Original Investigation

J Am Coll Cardiol, 66 (14) 1563–1565


Worldwide, an estimated 1.5 million deaths were caused by diabetes mellitus in 2012 (1), up from 1 million in 2000. Diabetes has been shown to be associated with a 2-fold increased risk of all-cause mortality and a 3-fold increased risk of cardiovascular disease mortality relative to age- and sex-matched controls in a contemporary primary care population in the United Kingdom (2). Blood pressure (BP) and diabetes share common mediators, including inflammation and endothelial dysfunction (3). Despite the known relationships between BP and diabetes, evidence supporting a clear population-level association between increased BP and the development of new-onset diabetes has been mixed. Large national databases of electronic medical records and meta-analytical techniques represent 2 possible routes to elucidate the strength of an association, if not a causal relationship, between BP and incident diabetes.

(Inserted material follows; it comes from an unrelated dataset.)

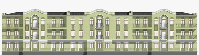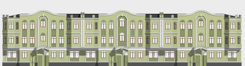 В стиле «Модерн» выполнены полукруглые балконы, огражденные коваными решетками и фигурные элементы в верхней части фасада, так называемые ризалиты. Так же характерным элементом этого стиля является и обрамление окон.
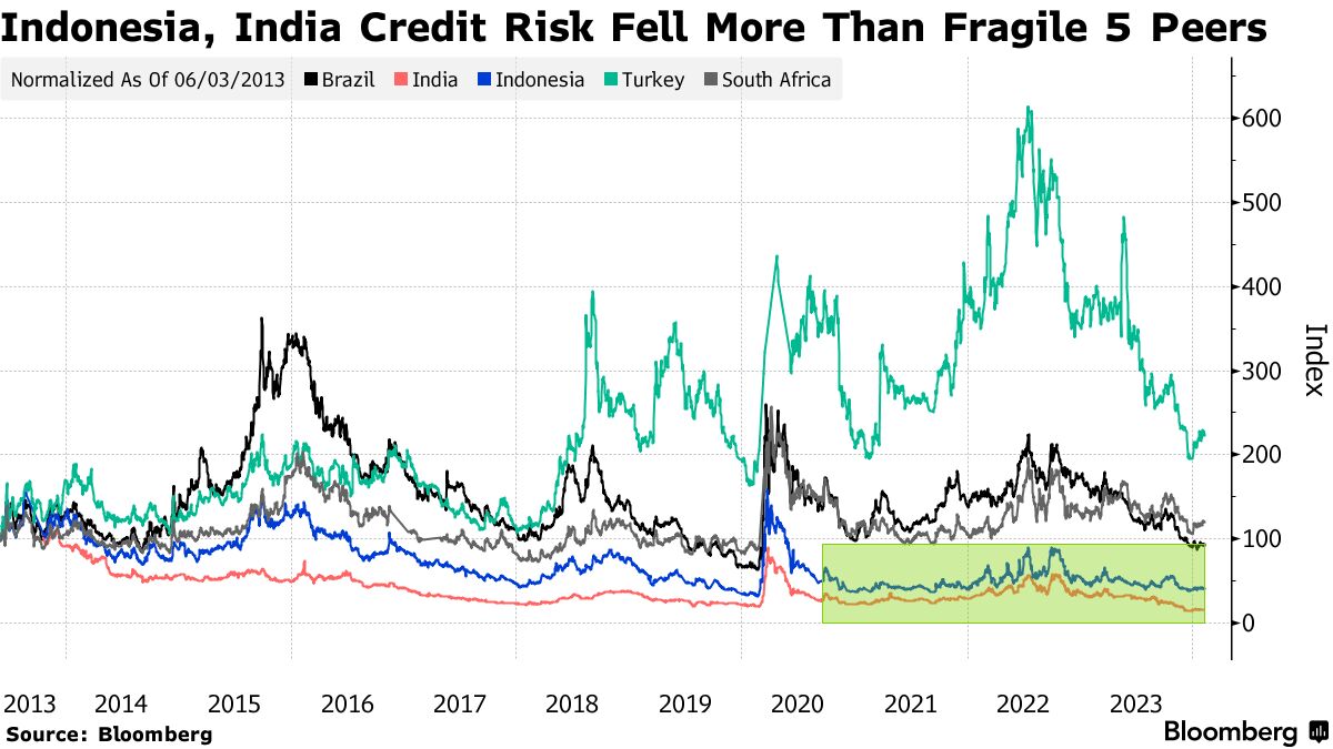 最初的脆弱五国——还包括土耳其、南非和巴西——指的是因其严重依赖外国投资来推动增长而被认为最容易受到风险影响的国家。信用违约掉期反映的改善财务状况显示,自2013年这个词被创造以来,市场对印度和印度尼西亚的看法几乎180度转变。

In this issue of the Journal, Emdin et al. (4) evaluate the association between BP and the risk of incident diabetes in a cohort of 4.1 million adults. Making use of electronic medical records, this study included data from patients 30 to 90 years of age without diabetes; exclusion criteria included prevalent renal disease, peripheral vascular disease, heart failure, cerebrovascular disease, ischemic heart disease, and type 1 or type 2 diabetes. Data were collected from the U.K. Clinical Practice Research Datalink, which covers about 9% of the U.K. population, and the Hospital Episode Statistics database, which includes data on hospital admissions, outpatient appointments, and cause-specific mortality for hospital events. BP measurements made between January 1990 and January 2013 were adjusted for regression-dilution bias (a downward bias of the association regression slope resulting from measurement error and unaccounted for variability in BP [5]) by regressing serial BP measurements on a baseline measurement. Hazard ratios for measured BP (adjusted for age, sex, and body mass index [BMI], smoking status within 2 years of baseline, and baseline antihypertensive and lipid-lowering drug use) were multiplied by regression dilution ratios of 2.1 and 2.5 for systolic BP (SBP) and diastolic BP (DBP), respectively, to estimate incident diabetes associations with “usual” BP.

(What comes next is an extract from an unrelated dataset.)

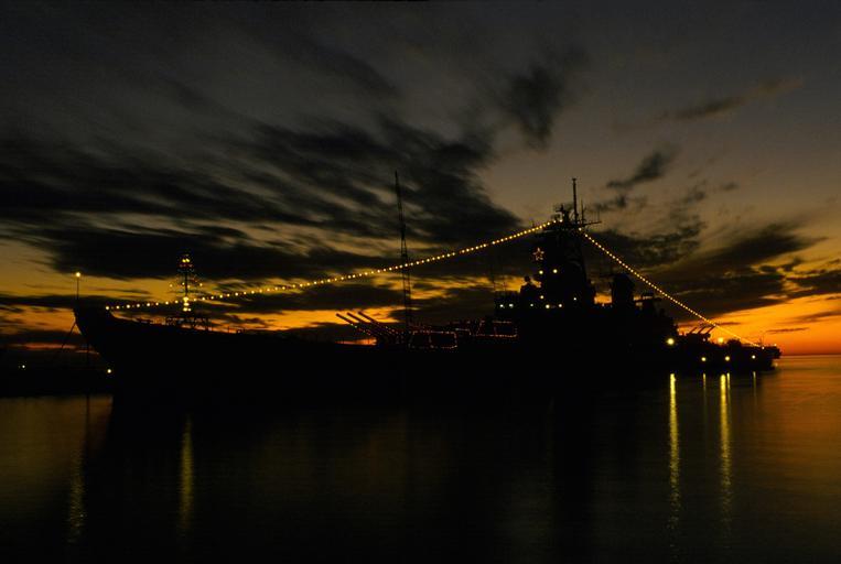 Keywords: christmas lights decoration navy ship pier dusk harbor bright reflection water uss iowa usa winter seasonal decorative
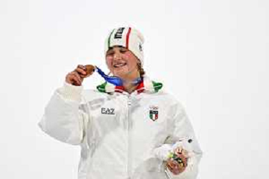 Flora TABANELLI, ITA, Bib Number 1, Podium Photo, Women's Freeski Big Air at Freestyle Olympic Winter Games 2025-26 in Milano-Cortina, Italy, 2026-02-16, Photo Credit: action press / Christian Stadler/ KarmaPress - AGENZIA ALDO LIVERANI SAS ITALY ONLY EDITORIAL USE ONLY

The primary outcome was defined as a diagnosis of type 2 or unspecified diabetes or issuance of a prescription for insulin or an antidiabetic drug. Participants were censored at first occurrence of the primary outcome. A series of 6 sensitivity analyses were performed to evaluate impact of various covariate adjustments including cholesterol, lipid, and hypertension treatments, cohort effects (adjusting for timing of initial BP measurement), diabetes definition (as listed previously vs. excluding those with unspecified diabetes), and timing of events (events in all years vs. excluding events in years 1, 2, and 4).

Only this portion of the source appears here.